▶ _Work to complete_:
Print the listing in its entirety and exactly, leaving out images.

----- Given material

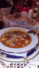 Чтобы сориентировать тех, кто все же сомневается. Мы заказали 2 первых блюда, 2 настойки, бокал немецкого красного вина, целое блюдо еврейских закусок (оооочень вкусные), и огромную сковородку запеченного карпа, фаршированного грибами (на фото). Вот это обошлось всего в 600 грн.
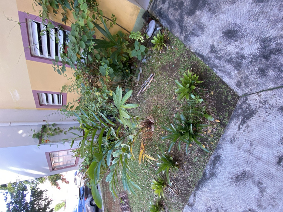 This image depicts an outdoor garden area situated alongside a building in Capesterre-Belle-Eau, France
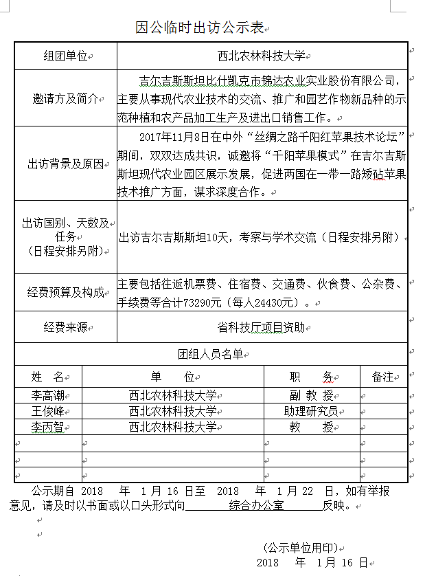 因公临时出访公示
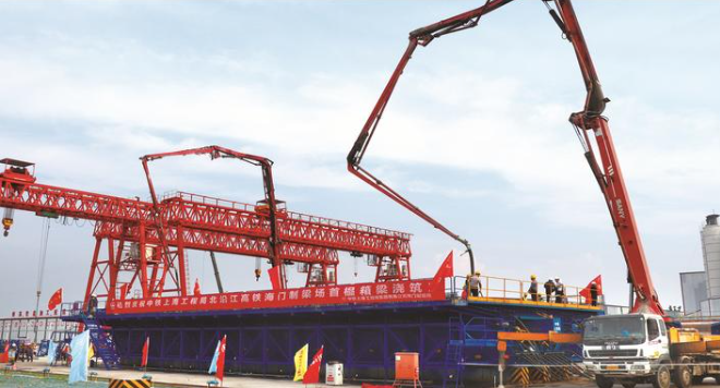 本网讯 14日,中铁上海工程局北沿江高铁6标海门制梁场顺利完成首榀32米箱梁浇筑,标志着项目建设正式进入箱梁试预制生产阶段。

----------

▶ _Result of this exercise_:
 Чтобы сориентировать тех, кто все же сомневается. Мы заказали 2 первых блюда, 2 настойки, бокал немецкого красного вина, целое блюдо еврейских закусок (оооочень вкусные), и огромную сковородку запеченного карпа, фаршированного грибами (на фото). Вот это обошлось всего в 600 грн.
 This image depicts an outdoor garden area situated alongside a building in Capesterre-Belle-Eau, France
 因公临时出访公示
 本网讯 14日,中铁上海工程局北沿江高铁6标海门制梁场顺利完成首榀32米箱梁浇筑,标志着项目建设正式进入箱梁试预制生产阶段。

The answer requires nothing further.